Stets behält Hanna dabei das Wohl der Betroffenen im Auge: Das Geld überweist er den Schleusern erst, wenn die Schutzsuchenden sicher in Deutschland angekommen sind. Doch er selbst wird Opfer des Kampfes gegen die Schleuser. Im Oktober 2011 beginnt die Bundespolizei ihn abzuhören, Ende Januar 2013 wird er in einer spektakulären Aktion vor seinem Haus festgenommen. Der Vorwurf: Beihilfe zur illegalen Einreise in die Bundesrepublik, strafbar gemäß Paragraph 96 Aufenthaltsgesetz. In der Hoffnung auf Strafmilderung gesteht er während des Verfahrens. Trotzdem ergeht ein hartes Urteil: zwei Jahre Haft auf Bewährung und eine Geldstrafe in Höhe von 110.000 Euro.
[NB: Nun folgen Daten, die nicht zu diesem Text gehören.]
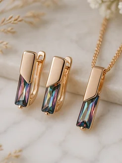 Набор серьги и цепочка с подвеской позолоченные
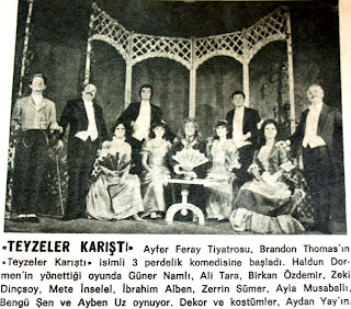 Ayfer Feray tiyatrosu Brandon Thomas'ın "Teyzeler karıştı" isimli üç perdelik komedisine başladı. Haldun Dormen'in yönettiği oyunda oyuncular bir arada görülmektedir. Güner Namlı, Ali Tara, Birkan Özdemir, Zeki Dinçsoy, Mete İnselel, İbrahim Alben, Zerrin Sümer, Ayla Musaballı, Bengü Şen ve Ayben Uz. Dekor ve kostümler Aydan Yay'ın... 1970 |

Dass Hanna versucht hat, die Sicherheit der Flüchtenden zu gewährleisten, kommt ihm hierbei nicht zugute, im Gegenteil: Damit sei der Anreiz zu fliehen noch größer geworden, besagen die Unterlagen. Die Urteilsbegründung des Richters liest sich zynisch: Hätte er den Syrern unbedingt helfen wollen, hätte er es ja auf andere Art und Weise tun können. Dennoch wird der Schlag gegen Hanna in der Presse als „Sieg im Kampf gegen die Schleuser“ gefeiert. Wie kann es also sein, dass ein Akt der Menschlichkeit vor dem Strafgericht endet?
Stefan Buchen hat Hanna auf seinem Weg begleitet und die Geschichte anschließend verschriftlicht. In Die neuen Staatsfeinde stellt der Journalist des ARD-Magazins „Panorama“ eindringlich dar, wie unter der Vorgabe, einen Kampf gegen Schleuser zu führen, auch Fluchthelfer belangt werden, die an der Hilfe kaum etwas verdient haben – wie Hanna. Zwar hat der Ingenieur vier Prozent jeder Überweisung als „Gebühr“ einbehalten – diese teilte er jedoch mit seinem Bruder, der die Auszahlungen in Syrien vornahm.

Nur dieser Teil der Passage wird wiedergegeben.